Question: extract subset of 21 nt. from csv file
0
gravatar for archana.bioinfo87
13 months ago by
archana.bioinfo87180 wrote:

Hi, I am trying to get 1-21nt, 2-22nt, 3-23nt etc till the end of sequences. For example, if I have sequences of 51 nt in length then I will get the 30 fragments with 21 nt in each fragment. I tried this script whcih looks to work fine but only for first 2 lines only.

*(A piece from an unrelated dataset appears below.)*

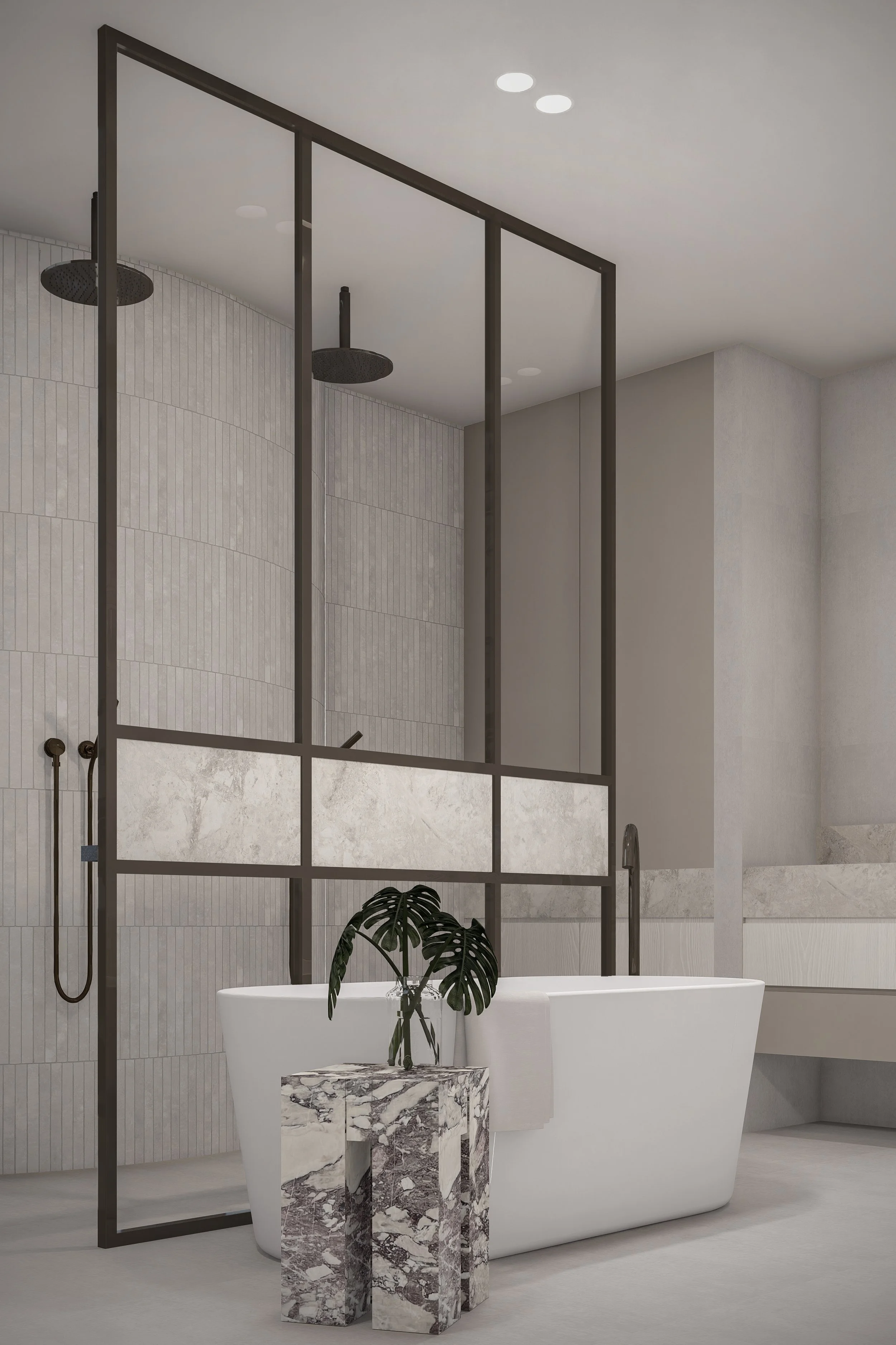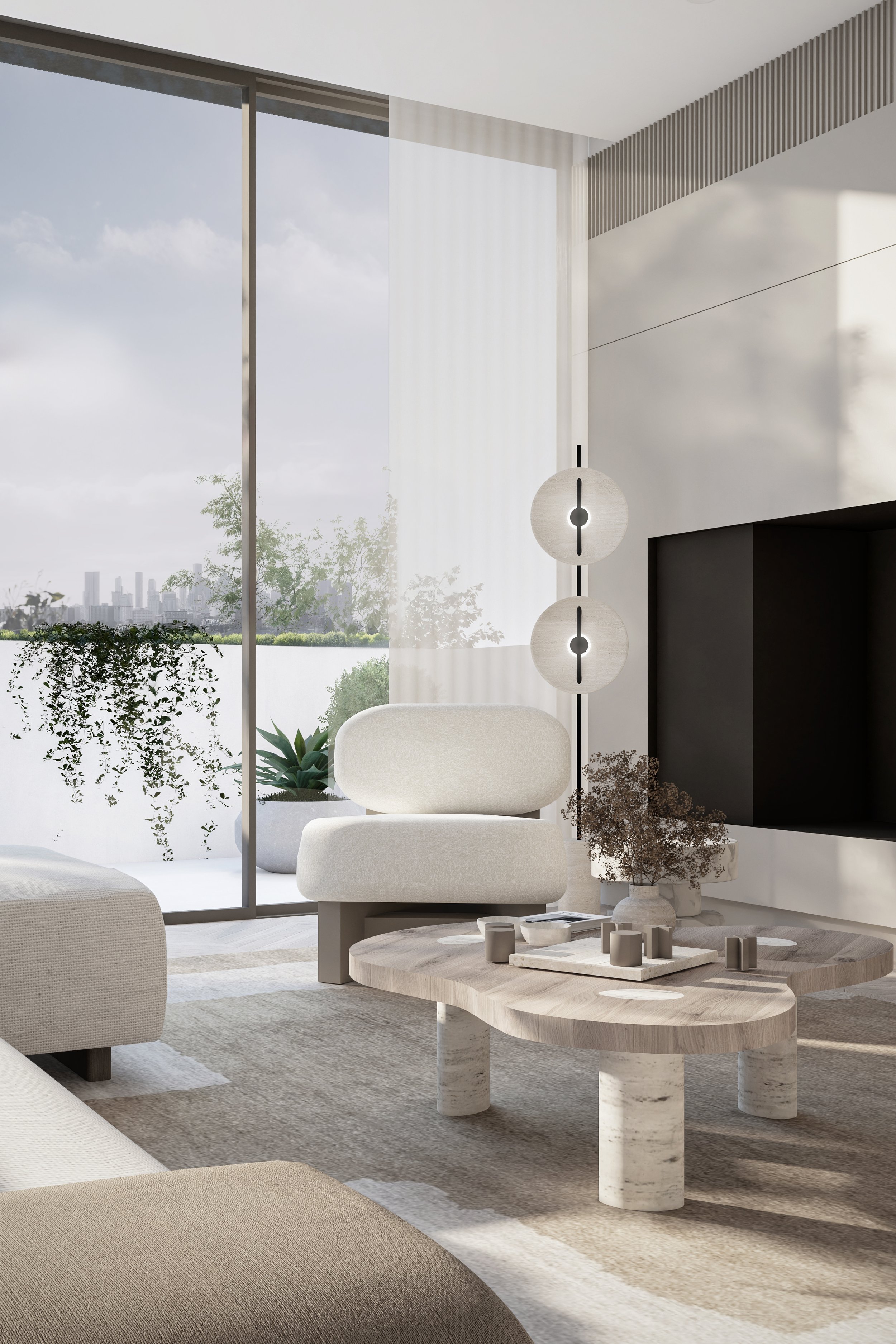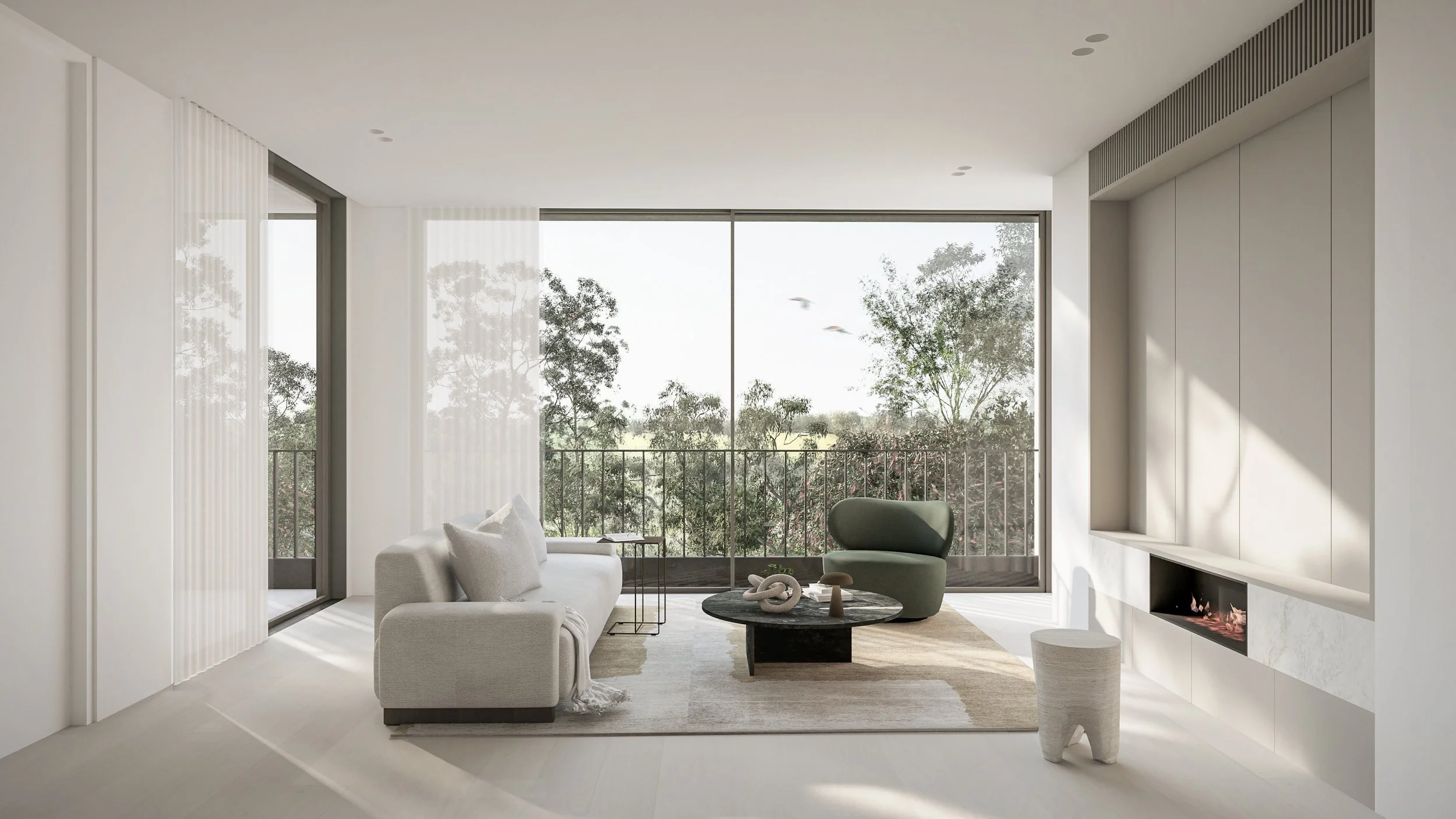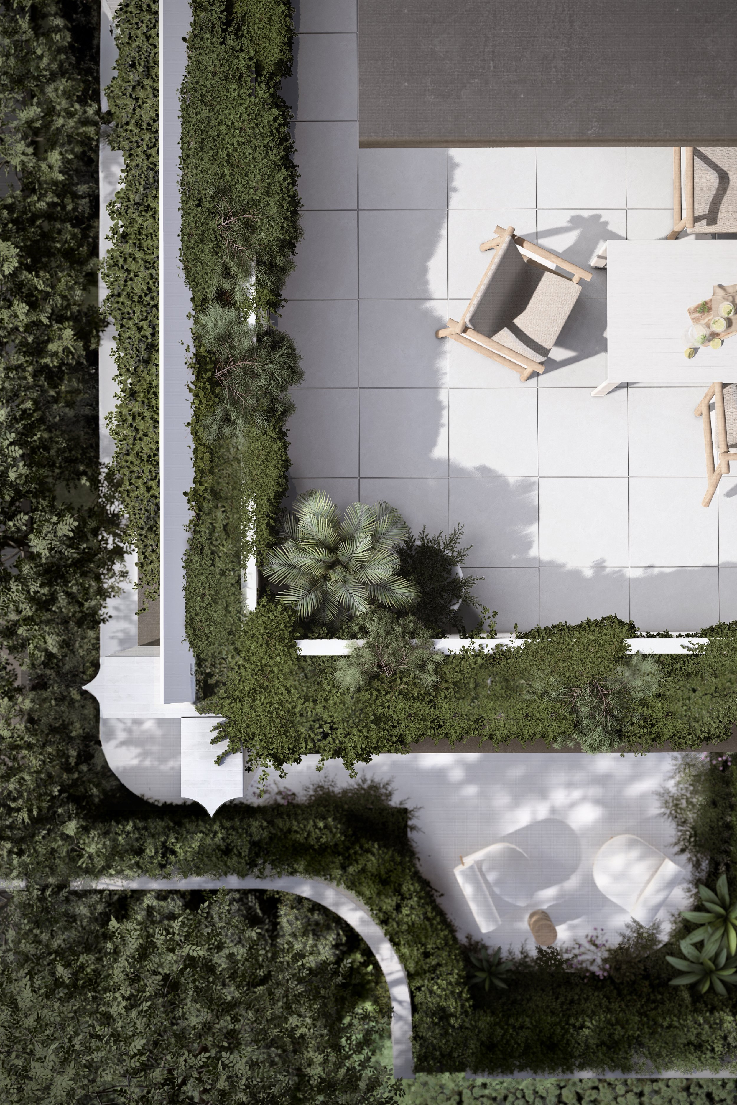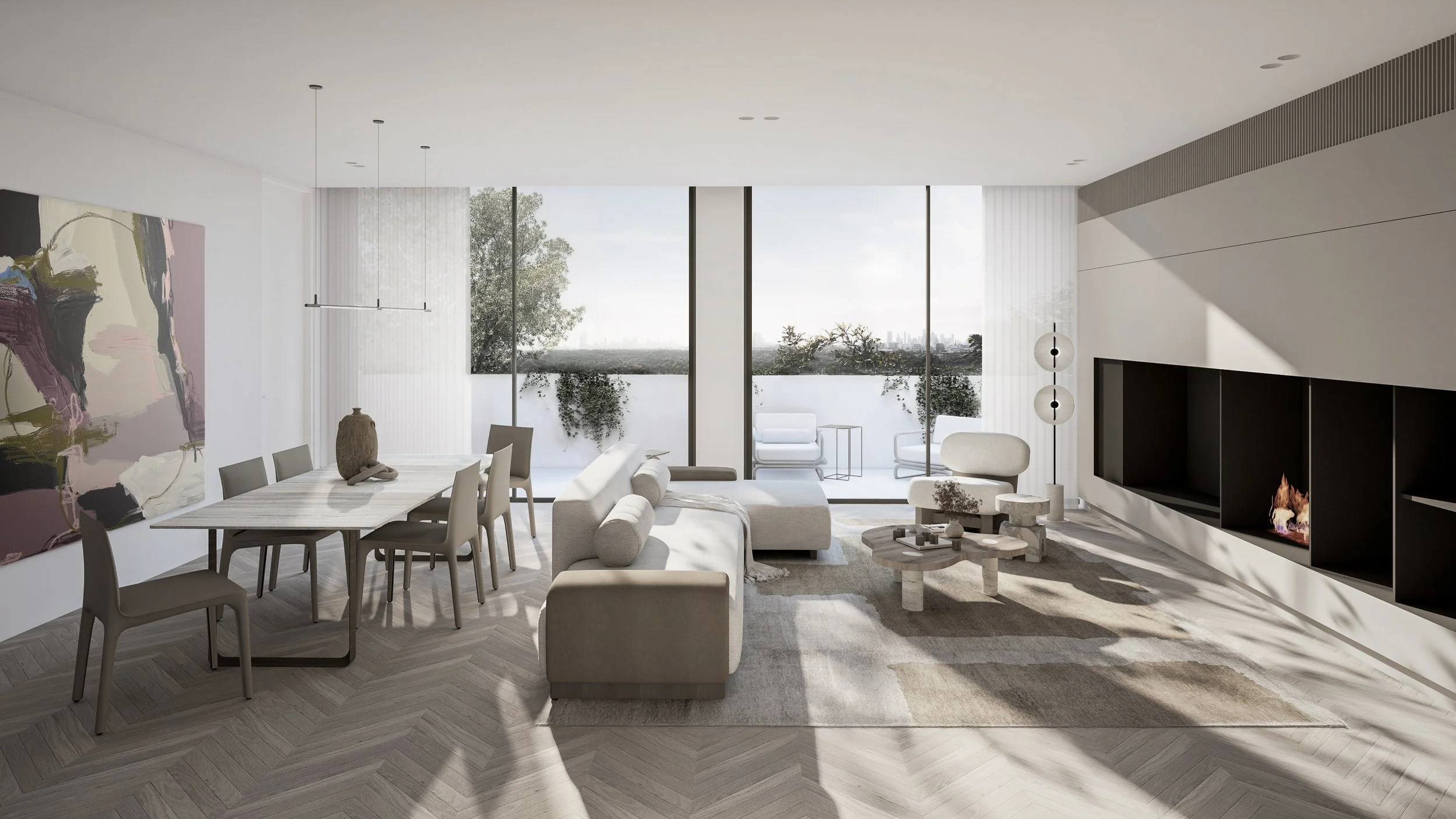 Central to its design is a beautiful green communal garden, fostering a sense of community and linking residents to the adjacent park. The sophisticated material palette of grey brick and bronze to create a timeless facade. The rhythmic layering of these materials is punctuated by extensive glazing, allowing light and nature to flow into the interiors. Lush greenery cascades down layered balconies, softening the building's verticality and creating a living facade.

fasta <- read.csv("trial.csv", header = TRUE, sep =",") 
dd1 <- as.character(fasta$Seq)
IDS <- as.character(fasta$Ids)
b <- numeric() 
final <- NULL
for (i in 1:length(dd1))
{
  for ( j in 1:nchar(dd1[i])) 
  {
  a <-dd1[i]
  b[j] <- substr(a, j, j+20)
  #print (nchar(b[j]))
  #print (nchar(dd1[i]))
  #print (length(dd1[i]))
  ifelse ((nchar(b[j]))==21 && (j<=(nchar(dd1[i])-21)),{
  print(b[j]) 
  next}, break())
  } 
final <- paste(IDS[i],b, sep = ",") 
write.table(final, paste(i,"final.csv")) 
}



  Example : trial.csv will look like this 
    Ids,Seq
    hsa_circ_0000013,GGCTCCAGGGAGCTTGGCTTCTGTAGAAGTTCTAAGGAAGCGGTACGAACTCCACGGCGGTGGGGCGCTAACTAGCAGGGACCCCTGCAAGTGTTGGTCGGGGGCCTCGAGCTGCCTGAGCTGACACGAGGGGAGGGGTCTGTGTAGCCAACAG    hsa_circ_0000026,CAATCCCACAGAGTATTGATGAGGAAACTGAAGTTTGGAGCGATCACATCATTTTCCCAAGAATTCCTAGAGGACCTGTGCAACAACCTCTTGAGGATCGAATCTTCACTCCCGCTGTCTCAGCAGTCTACAGCACGGTAACACAAGTGGCAAGACAGCCGGGAACCCCTACCCCATCCCCTTATTCAGCACATGAAATAAACAAGGGGCATCCAAATCTTGCGGCAACGCCCCCGGGACATGCATCGTCCCCTGGACTCTCTCAA
hsa_circ_0000037,ATACATTTGGGCCTGTCTACCTGCCTTTGGGGCAATTTGCAGGTTTTGAGAAGTAGAAATGAGGGTCTGGAGAGGGCATCTGTGAGCCTCTTCTGGGAACCCCTCCCTTGTAGGT
hsa_circ_0000050,GATGAATTCAAAAGACTATTTGCTAAATATGGAGAACCAGGAGAAGTTTTTATCAACAAAGGCAAAGGATTCGGATTTATTAAGCTTGTGAGTGTAATTGTTTGATTTTACGTAGAATTAAAAAGGGTGGGGGATTTTTTTGTCACTACAAACGCTGAAGGCTTGGTTTTTAAACTGGGGAGGATAAATTGATCTTTTAGATTTTTCACCATTCTTACAGGAAAAATGCTTGCGGTATAATGCATAATTGTTGCTACCTAAGAGAAAAGAGGGGTGGGGTGGGTAAACTAAGTGGTGTTAGTGGGTGCTGCCTAAAGGTAATGGTCGAACTGAGCTGAAGGAAGAAAGGGA

Any help is much appreiciated.

Thanks

R • 294 views
ADD COMMENTlink modified 13 months ago by JC12k • written 13 months ago by archana.bioinfo87180
1

If you are doing an assignment then by all means continue with your code.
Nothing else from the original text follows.